The first electrode plate is formed by applying a first electrode active material such as a transition metal oxide to a first electrode current collector formed of a metal foil such as aluminum or an aluminum alloy, and may include a first electrode uncoated portion 111, which is a region to which the first active material is not applied. The first electrode uncoated portion 111 may have a path for current flow between the first electrode plate and the outside. In addition, the first electrode uncoated portion 111 may be formed to overlap at the same position multiple times when the first electrode plate is wound to form a multi-tap structure. The first electrode uncoated portion 111 is formed to protrude from one side of the electrode assembly 110, and in some embodiments, multiple first electrode uncoated portions 111 may be welded together to form one first current collection tab. The first electrode uncoated portion 111 may be aligned and protrude from one side of the electrode assembly 110. In some embodiments, the first electrode uncoated portion 111 may protrude from one side of the first electrode plate toward the cap assembly 160.

The second electrode plate is formed by applying a second electrode active material such as graphite or carbon to a second electrode current collector formed of a metal foil such as copper, a copper alloy, nickel, or a nickel alloy, and may include a second electrode uncoated portion 112, which is a region to which the second active material is not applied. The second electrode uncoated portion 112 may provide a path for current flow between the second electrode plate and the outside.
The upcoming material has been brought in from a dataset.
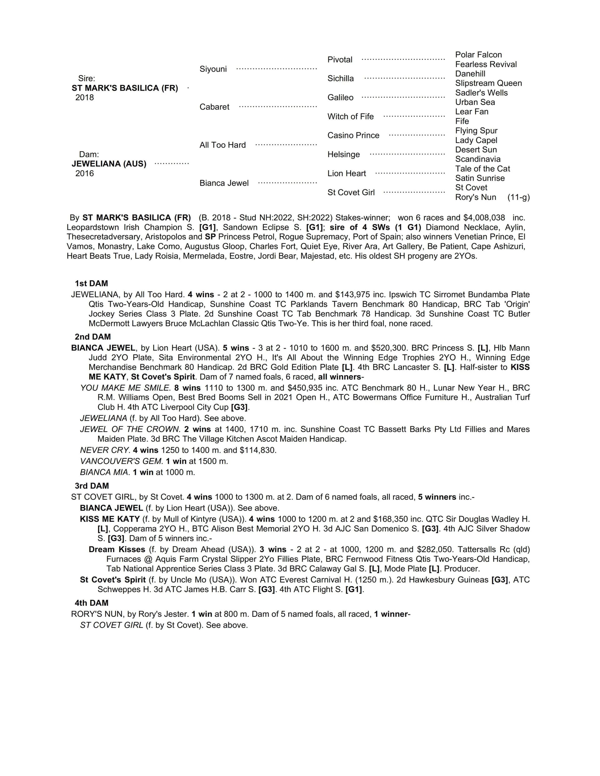 Eye-catching filly from a female dominant family – 8 of the 9 fillies on the page have won including a trio of fast, precocious stakes performers – BIANCA JEWEL, KISS ME KATY & ST COVET’S SPIRIT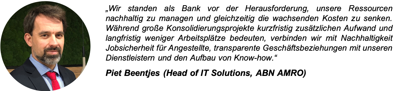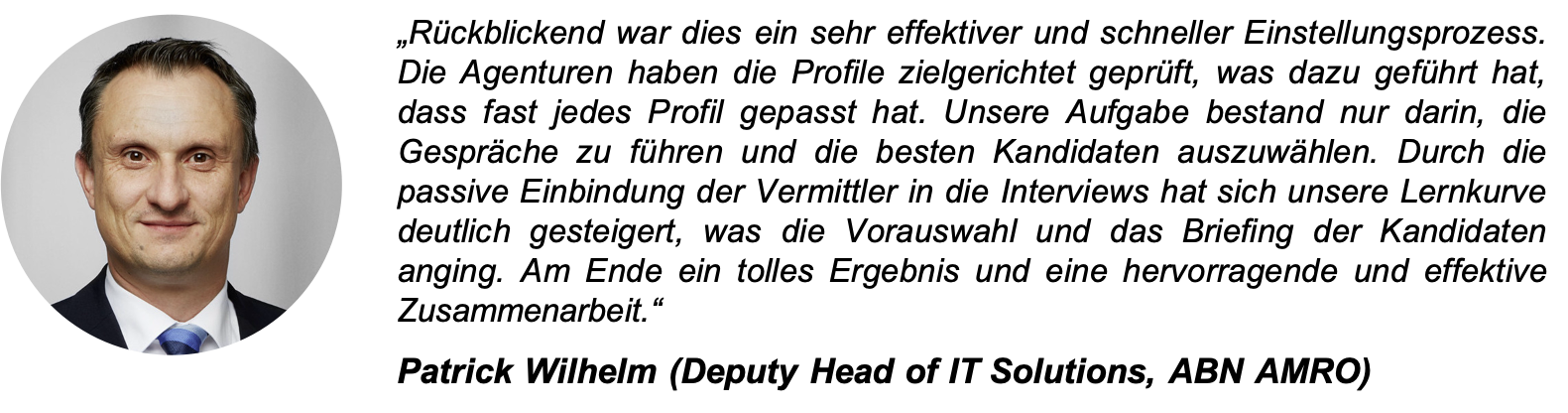 Die besondere Herausforderung: Die Hälfte der Neuanstellungen sollte für zwei Jahre befristet sein. Gleichzeitig galt es, den Wissenstransfer der bisherigen externen Mitarbeiter sicherzustellen, um die gewohnte Servicequalität für das Business beizubehalten. Über die Machbarkeit befristeter Anstellungen bestand bei sowohl bei den Vermittlern, als auch bei ABN AMRO selbst große Unsicherheit. Ein spannendes Projekt.

In one or more embodiments, the second electrode uncoated portion 112 may be formed to overlap at the same position multiple times when the second electrode plate is wound to form a multi-tap structure. The second electrode uncoated portion 112 is formed to protrude from one side of the electrode assembly 110, and in some embodiments, multiple second electrode uncoated portions 112 may be welded together to form one second current collection tab. In some embodiments, the second electrode uncoated portion 112 may protrude from one side of the second electrode plate toward the cap assembly 160.

In some embodiments, the first electrode uncoated portion 111 and the second electrode uncoated portion 112 may each protrude in parallel (or substantially in parallel) from the electrode assembly 110 toward the cap assembly 160. In the electrode assembly 110, the first electrode uncoated portion 111 and the second electrode uncoated portion 112 may have different polarities and be spaced apart from each other. In addition, as described above, since the first electrode plate and the second electrode plate are formed by winding or overlapping, the first electrode uncoated portion 111 and the second electrode uncoated portion 112, which are repeatedly formed at each turn, may be formed by overlapping a plurality of thin films. When a plurality of thin films are formed by overlapping in order to facilitate current movement, the thin films may be connected so as to come into contact with each other by ultrasonic welding.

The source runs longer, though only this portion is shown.